Although Hayes had his share of chart-topping hits, “his approach was generally more suited to the album format, where he could stretch out and set a mood with his soulful, rap-filled symphonettes,” the Rock and Roll Hall of Fame Web site says. He also had done some unconventional work, writing a score for an experimental film for Norman Mailer before penning and performing his Oscar-winning song “Theme from ‘Shaft.’”
He wanted to star in “Shaft” as well, but he made history anyway, as he was the first African-American to win an Oscar for music. Some film roles did follow, and late in his career, he provided for the voice for Chef on the cartoon “South Park,” until a conflict with the series creators over a satirical episode about Scientology caused him to leave the show.

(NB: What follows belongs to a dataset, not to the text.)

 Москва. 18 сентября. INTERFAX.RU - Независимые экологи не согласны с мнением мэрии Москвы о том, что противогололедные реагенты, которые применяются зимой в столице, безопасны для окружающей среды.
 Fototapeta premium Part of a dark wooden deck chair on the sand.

Hayes is survived by his wife and 12 children.

‘Isaac Hayes, 65, a Creator of ’70s Soul Style, Dies’

Hayes’s music career began as a back-up musician for Stax Records in Tennessee. The first session he ever played was with Otis Redding, and soon he was writing his own music and doing collaborations. The New York Times credits Hayes with defining the sound of Stax Records: “tight, catchy pop, but full of sweat and grit, a proudly unpolished Southern alternative to Motown.” Hayes grabbed attention with his 1969 album, “Hot Buttered Soul,” but wider fame came when he wrote the theme song for the blaxploitation movie “Shaft,” for which he won an Academy Award. Hayes also appeared in several films, and in later years, he became well known as the voice of Chef on the animated comedy “South Park.” Hayes continued to work until the time of his death, although he had recently suffered from a stroke. He will appear in “Soul Men,” a movie set for release in November.

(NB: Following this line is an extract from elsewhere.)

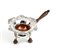 Altezza x larghezza x profondità: 27 x 17 x 5 cm. Peso complessivo lordo: 405 gr. di forma circolare traforato e inciso a motivi floreali e vegetali; poggiante su tre piedini ad artiglio su piedini posti su supporti in legno tornito di forma rotonda, fondo in rame. Presa laterale in legno tornito

Background: Hayes’s Career and Awards

Hayes was inducted into the Rock and Roll Hall of Fame in 2002. Throughout his career, he worked with some of the greatest performers in soul music and produced a series of chart-topping hits, but “his approach was generally more suited to the album format, where he could stretch out and set a mood with his soulful, rap-filled symphonettes.” In addition to his wealth of entertainment accomplishments, he was crowned as a king in Ghana in 1994 to commemorate his humanitarian efforts there.

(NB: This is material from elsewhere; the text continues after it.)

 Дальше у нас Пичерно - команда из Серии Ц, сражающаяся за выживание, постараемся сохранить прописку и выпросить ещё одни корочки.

When “Theme from ‘Shaft’” won the Oscar for Best Song in 1971, Hayes became the first African-American to win an Academy Award for music. However, “Shaft” was not Hayes’s first foray into the movies; he had previously written a score for Norman Mailer’s experimental film, “Maidstone.” Hayes had dreamed of being an actor, and had actually sought the lead role in “Shaft” for himself. He appeared in a few movies after Shaft, primarily other “blaxploitation” films, says

Hayes was also a staple on the popular TV show, “South Park,” supplying the voice of the wise but somewhat inappropriately ardent Chef. The show was infamous (and wildly popular) for mercilessly mocking religious groups, celebrities and political figures, but after a 2006 episode that targeted Scientology, Hayes, a devoted Scientologist, put his foot down. “There is a place in this world for satire, but there is a time when satire ends, and intolerance and bigotry towards religious beliefs of others begins,” Hayes said in a statement reported by The Guardian. “As a civil rights activist of the past 40 years I cannot support a show that disrespects those beliefs and practices.” Creator Matt Stone felt that civil rights were not the issue, believing that Hayes had taken offense only when his own religion was the one under satirical scrutiny. Hayes was released from his contract.